Neel Kashkari’s stint running TARP inspired admiration, criticism

In 2008, when Treasury Secretary Henry M. Paulson needed someone to run the controversial bailout of the nation’s banks, he turned to a trusted and unflappable aide who had followed him from Goldman Sachs to Washington — Neel Kashkari.

“We had other people who were senior and more experienced,” Paulson recalled in an interview. “But I didn’t see anyone else on my team who was willing to step up and be accountable and take the responsibility.”

Five-and-a-half years later, seeking the Republican nomination for California governor, Kashkari has made his stint running the Troubled Asset Relief Program, better known as TARP, a central element of his campaign.

It’s an unconventional choice.

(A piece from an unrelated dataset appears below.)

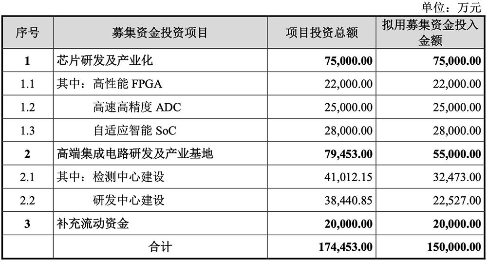 此次IPO拟募资15亿元,用于芯片研发及产业化、高端集成电路研发及产业基地等。

TARP, as former Rep. Barney Frank (D-Mass.) later said, was “the most highly successful, wildly unpopular thing the federal government has done in my memory.”

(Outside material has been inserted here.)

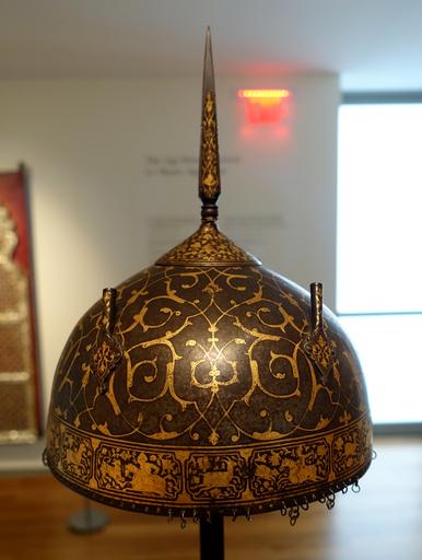 Keywords: Parade helmet, Iran, first half of 19th century, forged steel overlaid with gold - Aga Khan Museum - Toronto, Canada - DSC07027.jpg en Exhibit in the Aga Khan Museum - Toronto Canada This work is old enough so that it is in the public domain Photography was permitted in the museum without restriction 2015-10-06 12 51 23 own Daderot other versions PD-old-100 cc-zero Metalwork of Iran in the Aga Khan Museum Armour of Iran |

Kashkari hopes voters will focus on the program’s success in combating the financial crisis, not the policy’s unpopularity. His six months at TARP demonstrated an ability to run a complex program that is widely acknowledged to have helped stabilize the economy, he says.


“It was executed spectacularly,” Kashkari said in an interview. “I take pride in what we did.”

Interviews with Paulson and other key officials and an examination of the record confirm Kashkari’s crucial role in conceiving, setting up and administering TARP during its most significant period.

The record reveals some less flattering elements as well.

Watchdog agencies complained Kashkari was overly secretive and deferential to the big banks. And at least some of the credit for recovering TARP funds — the Treasury Department has netted nearly $15 billion more than was spent — goes to Obama administration officials who ran the program after Kashkari.

Moreover, the record shows that some of the most important decisions — including the pivotal one to inject money directly into banks — were made above Kashkari’s pay grade.

As Paulson made clear, “I was there making the major decisions on policy.”

Still, Kashkari “was the man in terms of running it, managing it, hiring the people, making sure the programs were executed, I would say, flawlessly,” Paulson said. “He exceeded my expectations.”

In an interview, Kashkari was careful to give Paulson credit for the high-level decisions.

“I don’t want to exaggerate my role,” Kashkari said. “He was the Treasury secretary. I worked for him.”

On the campaign trail, Kashkari doesn’t delve into the details. He tells voters he was one of the government officials trying to stem the crisis and that he ran TARP.

“I helped design TARP. I ran TARP under two presidents,” he said in the interview. “I own TARP.”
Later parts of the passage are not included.